President Trump keeps pushing housing affordability as a headline issue — he wants mortgage rates down, fast. Trouble is, his nominee for Fed chair, Kevin Warsh, has spent years blasting the Fed’s massive $6.6 trillion portfolio of Treasuries and mortgage-backed securities as a market-distorting mess. If Warsh follows through and pressures the Fed to shrink that balance sheet, it could raise long-term borrowing costs — including mortgage rates — right when the White House wants them lower.
Warsh isn’t shy about calling for a smaller Fed footprint. The logic is straightforward: big central-bank holdings of long-term bonds helped push yields down after the financial crisis. Pull that support back and yields can move higher. For the average house hunter, that means pricier mortgages, not cheaper ones.

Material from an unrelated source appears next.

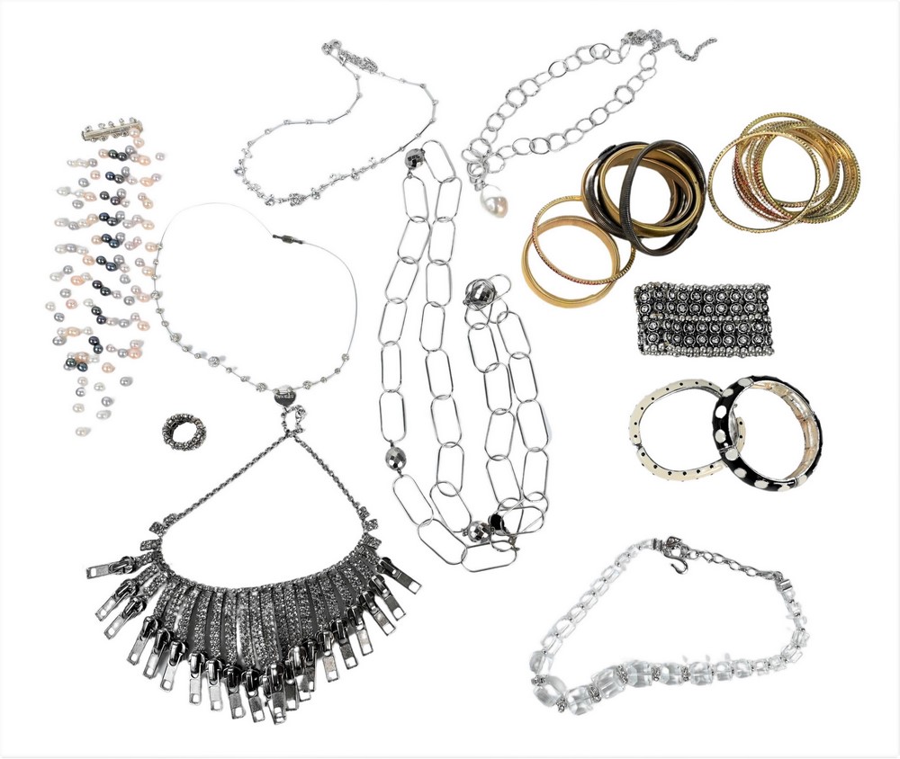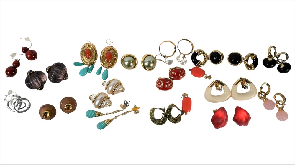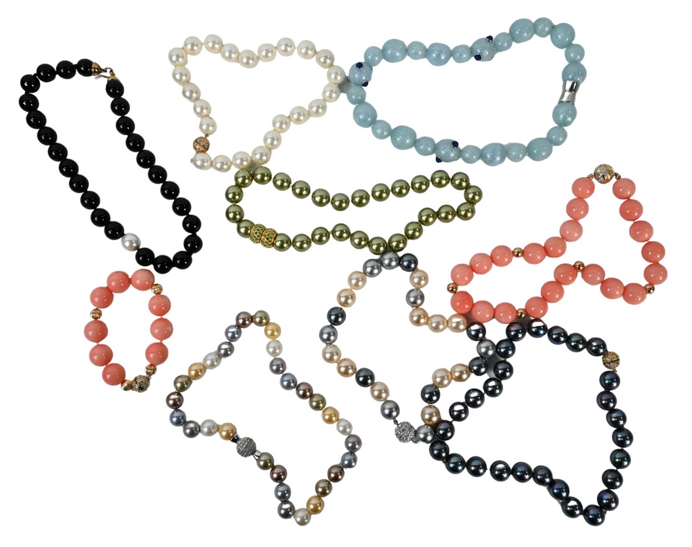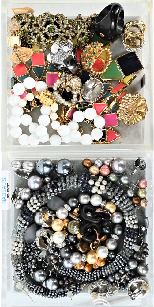 Group of Assorted Costume Jewelry, to include Kate Spade enamel necklace; Replica; Christian Dior; three pairs of Erwin pearl earrings; pearl necklace; skull rings; along with a choker with gem stones.

This creates a neat political irony. Trump is campaigning on making housing more affordable; Warsh’s playbook — aimed at reining in what he sees as an overactive Fed — could end up doing the opposite. It’s a tension between short-term political goals and longer-term monetary orthodoxy: presidents want low rates; many Fed veterans want policy that won’t stoke inflation or warp markets.
Why would Warsh get any traction? Because the Fed chair isn’t just “one vote” on a committee. The chair controls the agenda, shapes staff analysis, runs the communications machine and, critically, speaks for the central bank. That soft power — the ability to persuade colleagues and markets — means a chair who wants a downsized balance sheet can nudge policy even if they can’t literally command votes with a snap of the fingers.
Bottom line: nominating someone who’s publicly skeptical of the Fed’s bond holdings sends a signal the central bank could be headed for normalization that’s faster or deeper than markets expect. For homeowners and prospective buyers, that would likely translate into higher mortgage rates — an awkward outcome for an administration promising the opposite.